The Incompatibility of Language Models and Knowledge Graphs

Large language models and knowledge graphs solve fundamentally different problems with fundamentally different architectures. LLMs encode probabilistic relationships between tokens learned from billions of text sequences. Knowledge graphs encode explicit, structured relationships between entities stored as directed graphs with typed edges. They are, in a deep sense, incompatible.

This incompatibility is not a practical engineering problem to be solved with a clever adapter. It is a structural mismatch. An LLM's knowledge is distributed across parameters in a dense, compressed format. A knowledge graph's knowledge is localized in nodes and edges in a sparse, explicit format. Bridging them in either direction requires translating between dense distributed representations and sparse discrete structures.

The question then becomes: can we make them work together anyway?

Neo4j Queries as a RAG Alternative

The most direct approach is to have the LLM generate knowledge graph queries instead of retrieving text documents.

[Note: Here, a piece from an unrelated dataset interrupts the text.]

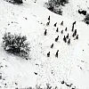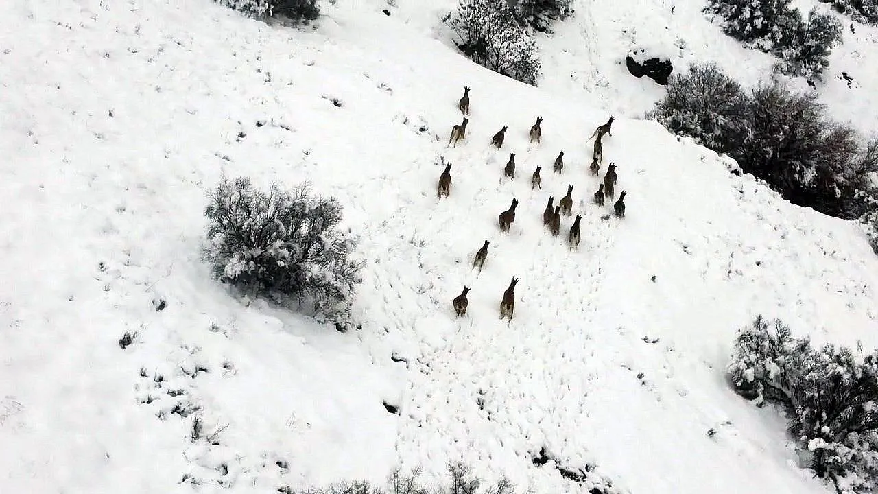Elazığ'ın Ağın ilçesinde nesli tükenme tehlikesi altında bulunan dağ keçileri, kar üzerinde yiyecek ararken dron ile görüntülendi.

Rather than embedding a query into a vector store and finding similar text chunks (standard RAG), the model generates a Neo4j Cypher query that traverses the graph structure, retrieves entities and their relationships, and returns structured results.

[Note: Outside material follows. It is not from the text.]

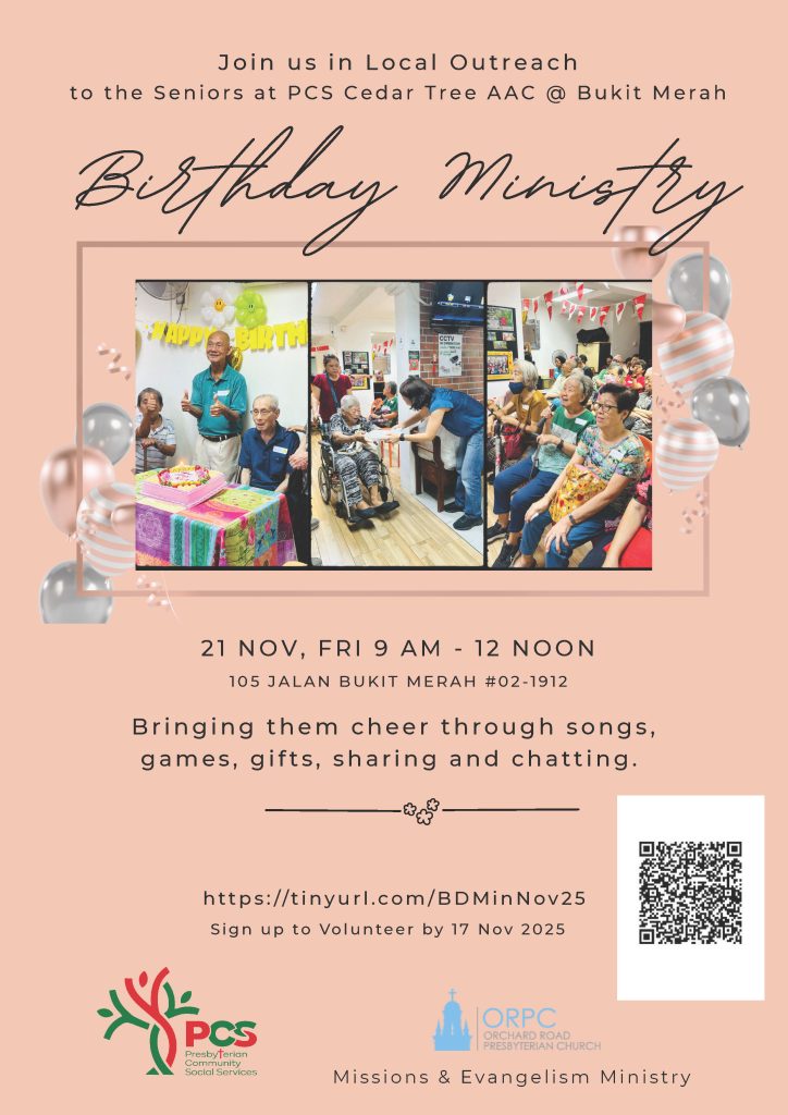 Calling all to minister God’s love and presence to residents at PCS Cedar Tree AAC@ Bukit Merah! Volunteer with us (both individuals and DGs are welcome) to spend a meaningful morning with the seniors through singing and music, games, facilitating activities, and conversations.

The appeal is straightforward. Knowledge graphs excel at multi-hop reasoning across entities — exactly the kind of structured relational reasoning that LLMs often fail at. If the model can generate Cypher queries, it gains access to precise, deterministic relationship traversal without the hallucination risk of relying solely on parametric memory.

The challenge is query generation quality. Generating correct Cypher requires understanding the graph schema, the types of nodes and edges, and the semantics of the traversal. For small, well-defined graphs, this is tractable. For large, heterogeneous graphs, it is difficult. But the approach is worth pursuing because it sidesteps the harder problem of graph embedding altogether.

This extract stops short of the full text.